**Your objective**
Return, unchanged and with no pictures, the lines below from the very first through the one that contains "話務(wù)員可以通過點擊鼠".

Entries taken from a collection
########################################

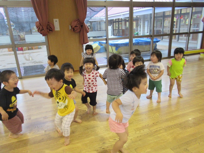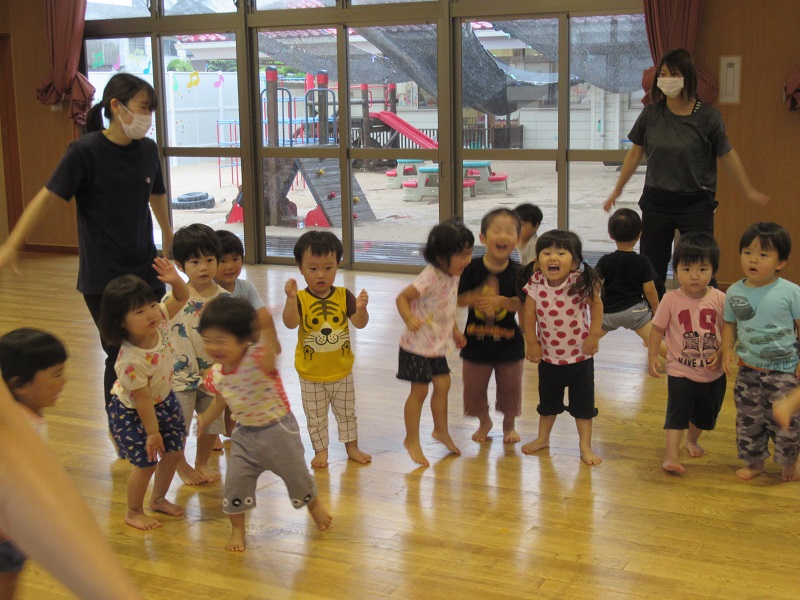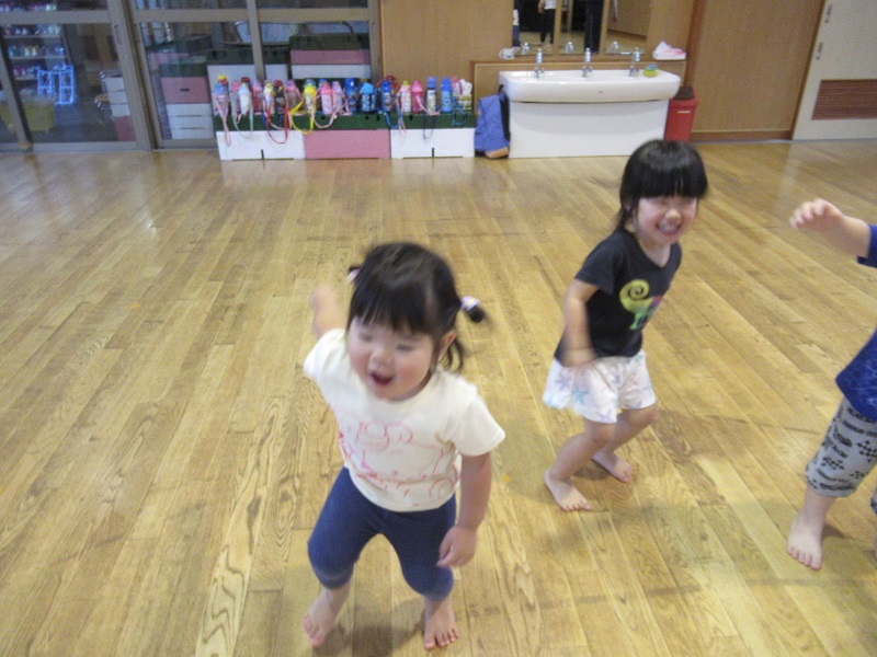曲が流れると・・・最初は戸惑っていたお友達も保育者と一緒に踊ったりして楽しんでいましたよ!
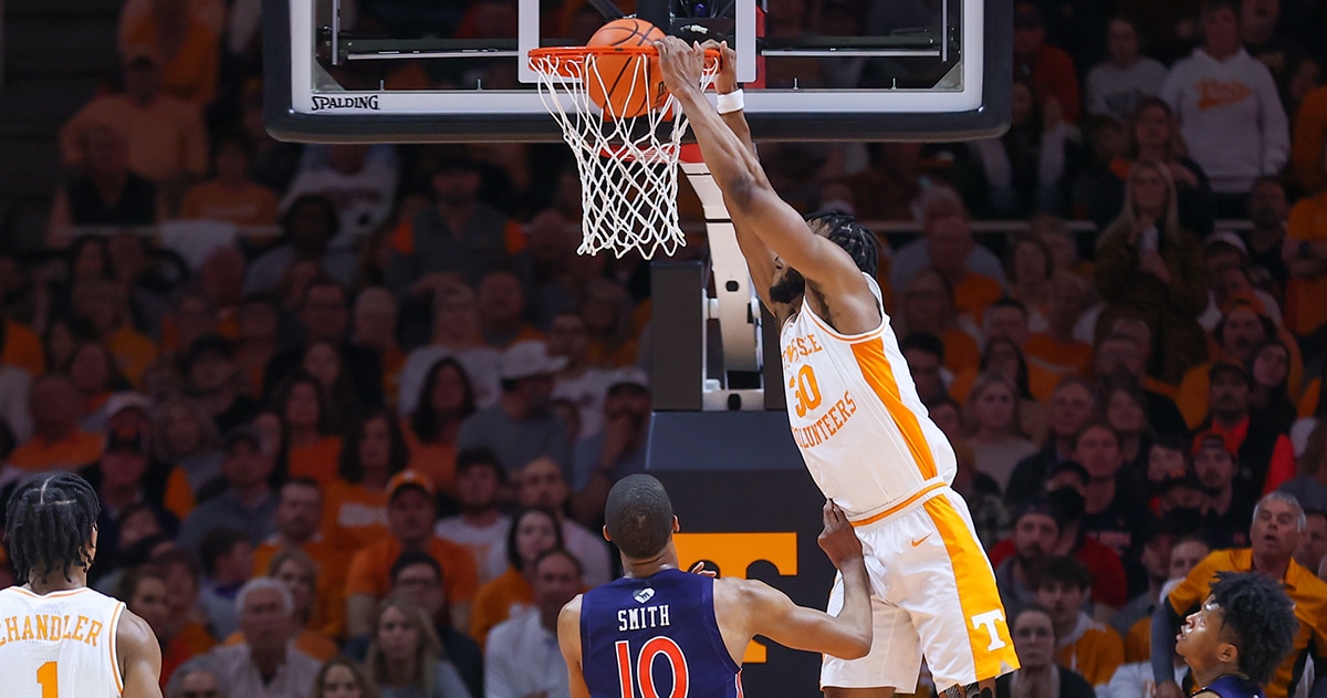 Despite making just 20 of 61 shots, committing 18 turnovers and allowing No. 3 Auburn's star freshman Jabari Smith to go off for 27 points and eight rebounds, No. 17 Tennessee picked up another massive win in Knoxville, defeating Auburn 67-62. The Vols beat the Kentucky Wildcats at home last week, as well as Arizona in December, so Tennessee has already beaten three of the nation's best inside Thompson-Boling Arena this season.
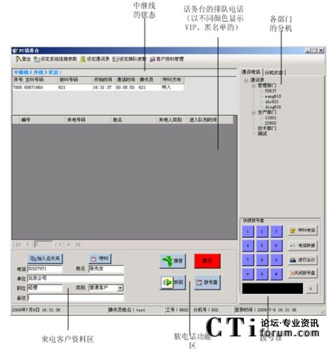 話務(wù)員可以通過點擊鼠標進行呼叫、應(yīng)答、轉(zhuǎn)接、掛機、強拆、強插等操作。
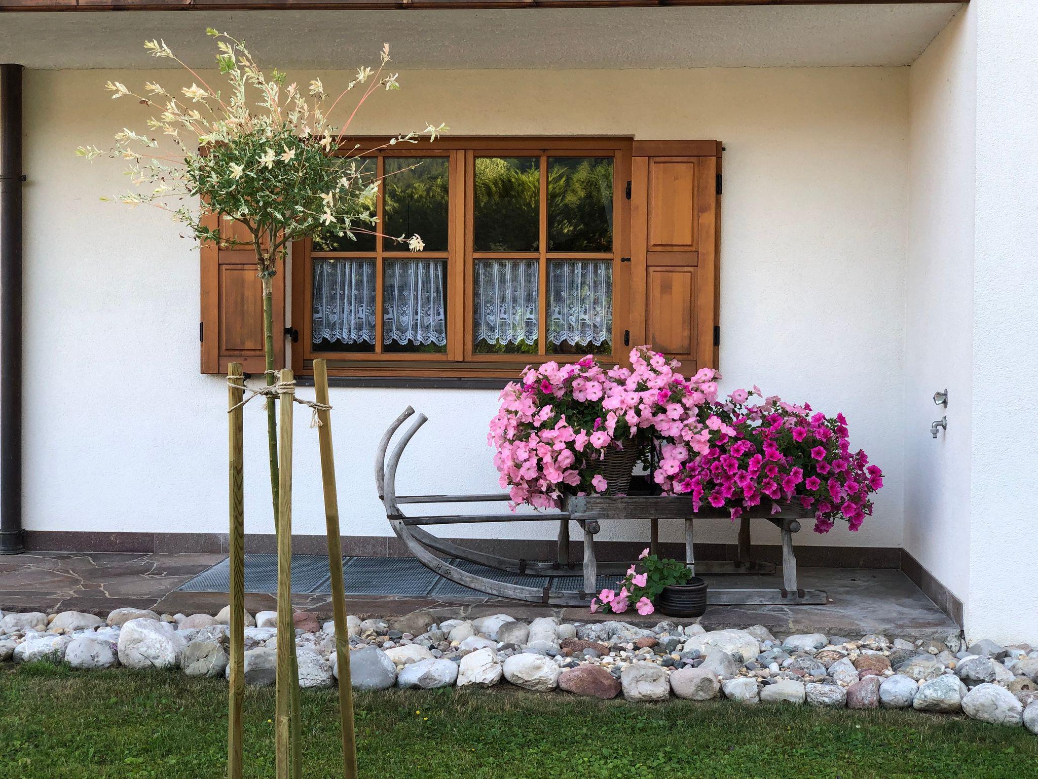 Ferienwohnung Bergveilchen • Für 2 Personen • 43 m² • eigene Terrasse & Gartenzugang • Alpenblick • Barrierefrei • Tiefgarage
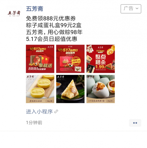 除了激活已有会员消费,端午前后期也是五芳斋拉新客的最佳时机。一般的户外广告或促销单页,只能吸引顾客到店消费一次,难以沉淀。因此,今年五芳斋尝试了通过有赞投放朋友圈广告。
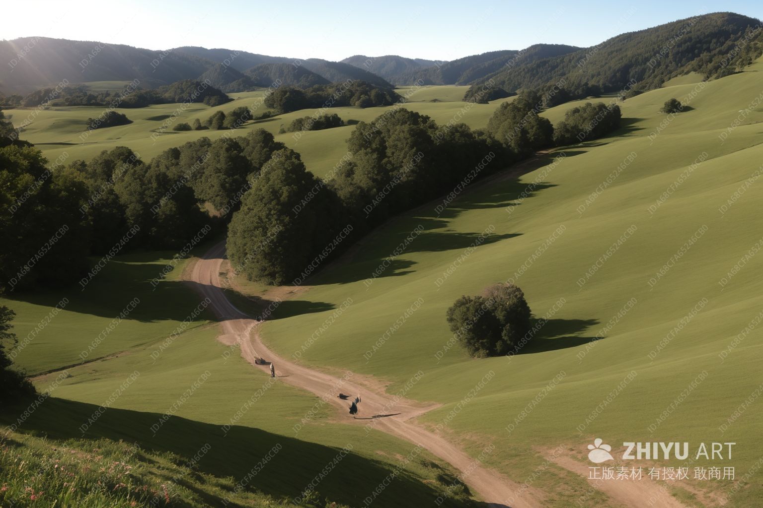 蜿蜒的道路被树木环绕,营造出一种深度感和宁静感。道
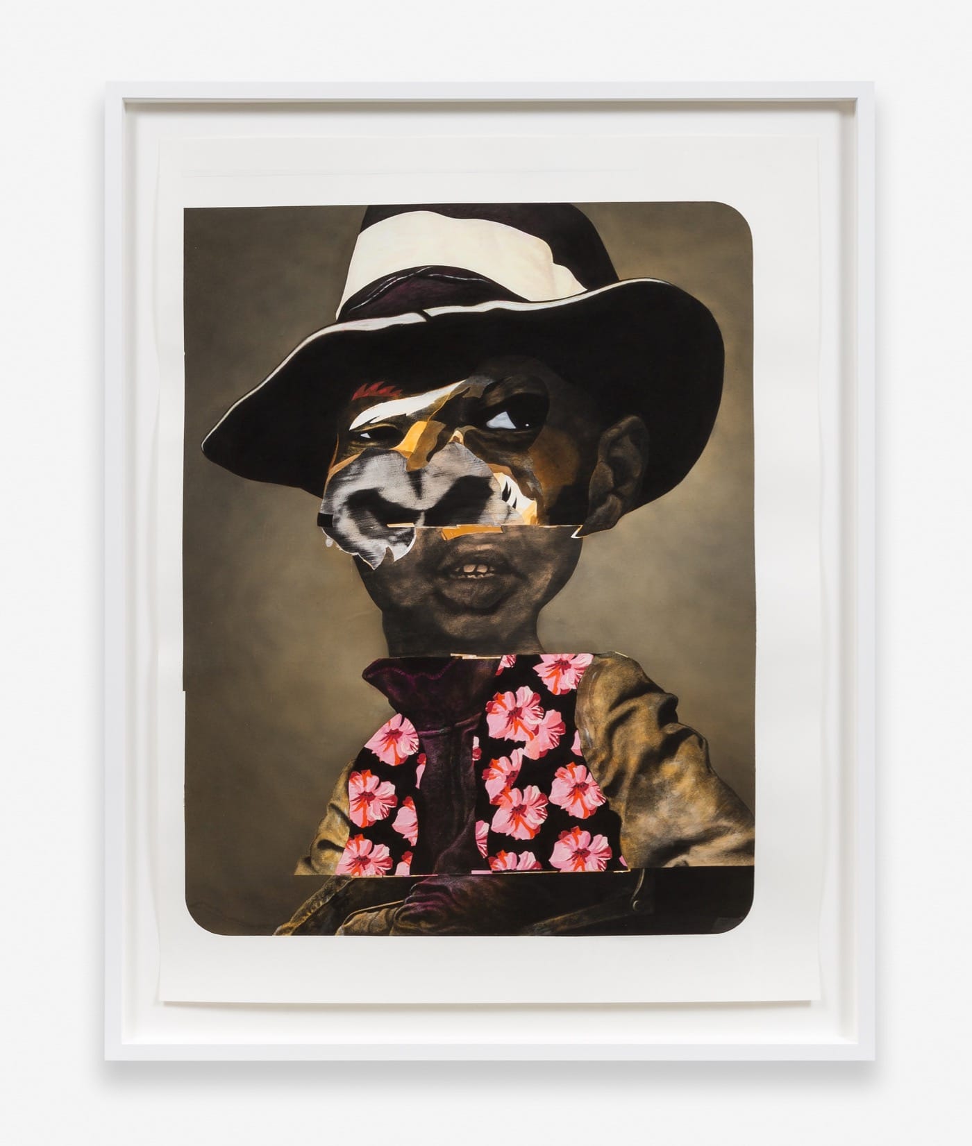 “Charles Re-Visited” (2015), renders his brother in a black-and-white hat with a pink, floral vest. Even as he mixes animal parts with human features, twists the face and abandons symmetry, Quinn still manages to represent character. I feel as if I know Charles with his measured but sassy gaze.
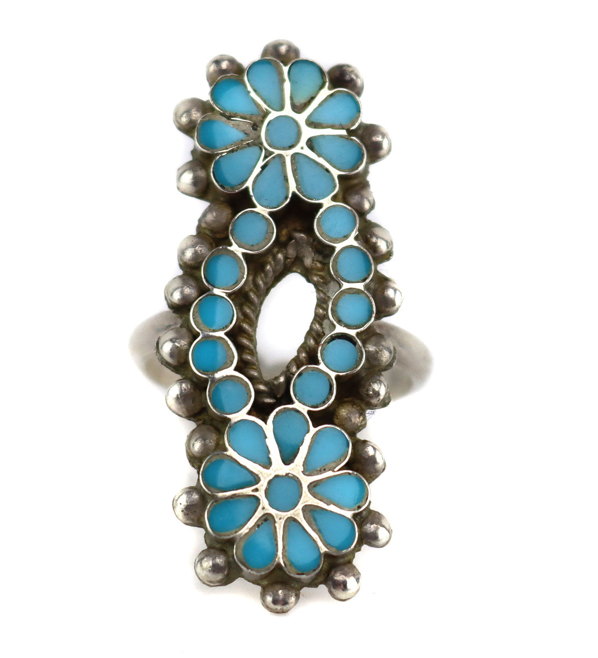 Dishta Family - Zuni - Turquoise Channel Inlay and Silver Ring with Flower Design c. 1950s, size 8
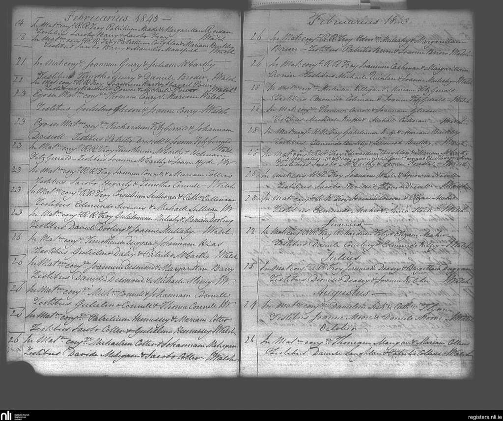 Lisgoold; County of Cork; Diocese of Cloyne. Marriages, Feb. 1843 to Oct. 1843
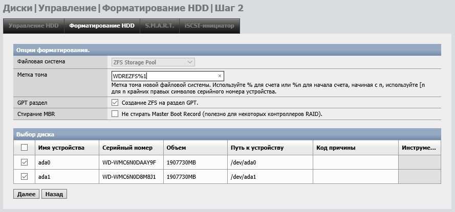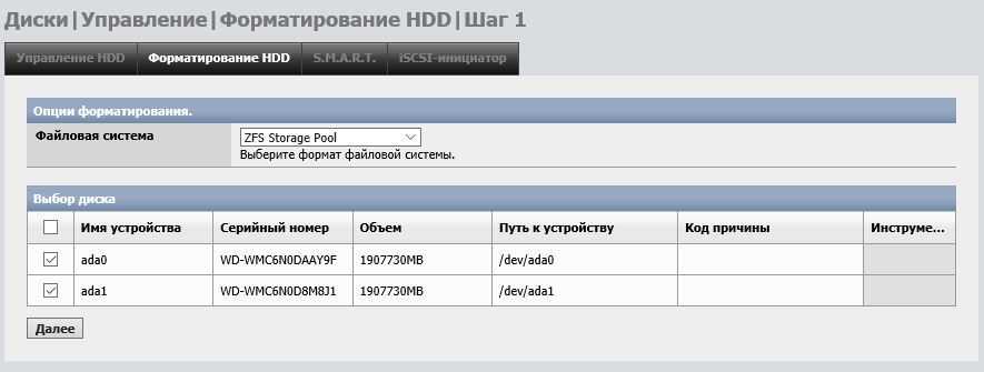 Итак, оба диска Online, все системы работают нормально. Но это только начало пути. Давайте перейдем на вкладку “Форматирование HDD”. Как мы и договаривались в начале статьи, будем использовать ZFS. Выбираем оба накопителя и нажимаем “Далее”:

########################################

**Exercise solution**
曲が流れると・・・最初は戸惑っていたお友達も保育者と一緒に踊ったりして楽しんでいましたよ!
 Despite making just 20 of 61 shots, committing 18 turnovers and allowing No. 3 Auburn's star freshman Jabari Smith to go off for 27 points and eight rebounds, No. 17 Tennessee picked up another massive win in Knoxville, defeating Auburn 67-62. The Vols beat the Kentucky Wildcats at home last week, as well as Arizona in December, so Tennessee has already beaten three of the nation's best inside Thompson-Boling Arena this season.
 話務(wù)員可以通過點擊鼠標進行呼叫、應(yīng)答、轉(zhuǎn)接、掛機、強拆、強插等操作。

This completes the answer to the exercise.